Segment Start: Given records
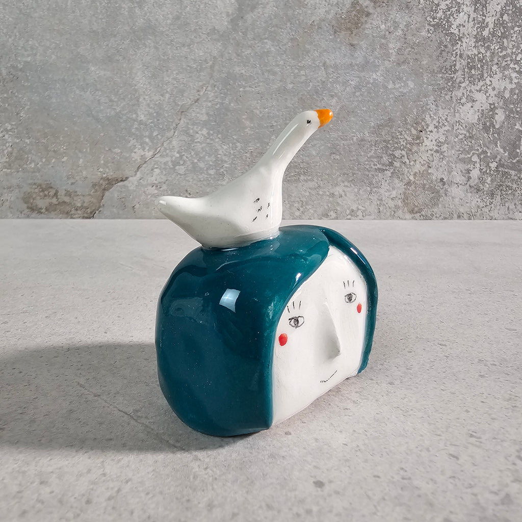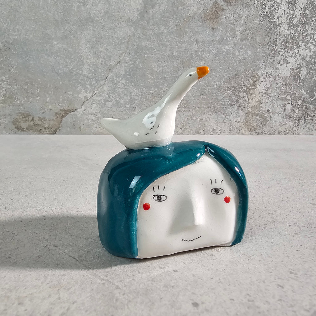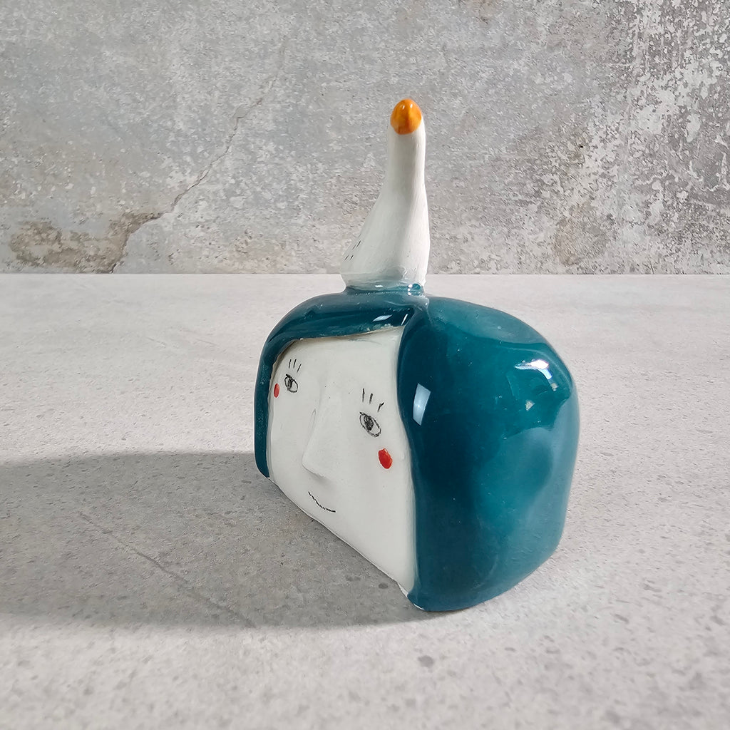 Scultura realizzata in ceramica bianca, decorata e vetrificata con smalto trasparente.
Segment End: Given records
Segment Start: Given records
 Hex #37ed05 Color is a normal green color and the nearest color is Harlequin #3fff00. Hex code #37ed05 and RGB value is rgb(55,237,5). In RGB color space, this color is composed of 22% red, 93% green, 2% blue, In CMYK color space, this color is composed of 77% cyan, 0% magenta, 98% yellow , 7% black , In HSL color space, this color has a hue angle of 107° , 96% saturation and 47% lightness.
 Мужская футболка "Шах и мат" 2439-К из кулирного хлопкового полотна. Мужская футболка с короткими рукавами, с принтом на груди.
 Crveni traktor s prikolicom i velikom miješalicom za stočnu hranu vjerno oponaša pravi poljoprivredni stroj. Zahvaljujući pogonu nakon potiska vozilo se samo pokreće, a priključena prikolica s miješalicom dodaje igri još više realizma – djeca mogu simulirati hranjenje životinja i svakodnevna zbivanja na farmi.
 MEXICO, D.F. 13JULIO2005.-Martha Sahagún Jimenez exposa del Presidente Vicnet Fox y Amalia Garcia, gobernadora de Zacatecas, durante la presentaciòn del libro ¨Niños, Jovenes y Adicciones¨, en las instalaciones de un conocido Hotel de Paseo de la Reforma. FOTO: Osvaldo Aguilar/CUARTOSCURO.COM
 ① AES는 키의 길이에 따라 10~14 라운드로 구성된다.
Segment End: Given records
Your goal
Given the records above, return exactly the lines starting at the line containing "Crveni traktor s" and ending at the line containing "① AES는 키의 길이에 따라 10~14 라운드로 구성된다.", including both.

Output
 Crveni traktor s prikolicom i velikom miješalicom za stočnu hranu vjerno oponaša pravi poljoprivredni stroj. Zahvaljujući pogonu nakon potiska vozilo se samo pokreće, a priključena prikolica s miješalicom dodaje igri još više realizma – djeca mogu simulirati hranjenje životinja i svakodnevna zbivanja na farmi.
 MEXICO, D.F. 13JULIO2005.-Martha Sahagún Jimenez exposa del Presidente Vicnet Fox y Amalia Garcia, gobernadora de Zacatecas, durante la presentaciòn del libro ¨Niños, Jovenes y Adicciones¨, en las instalaciones de un conocido Hotel de Paseo de la Reforma. FOTO: Osvaldo Aguilar/CUARTOSCURO.COM
 ① AES는 키의 길이에 따라 10~14 라운드로 구성된다.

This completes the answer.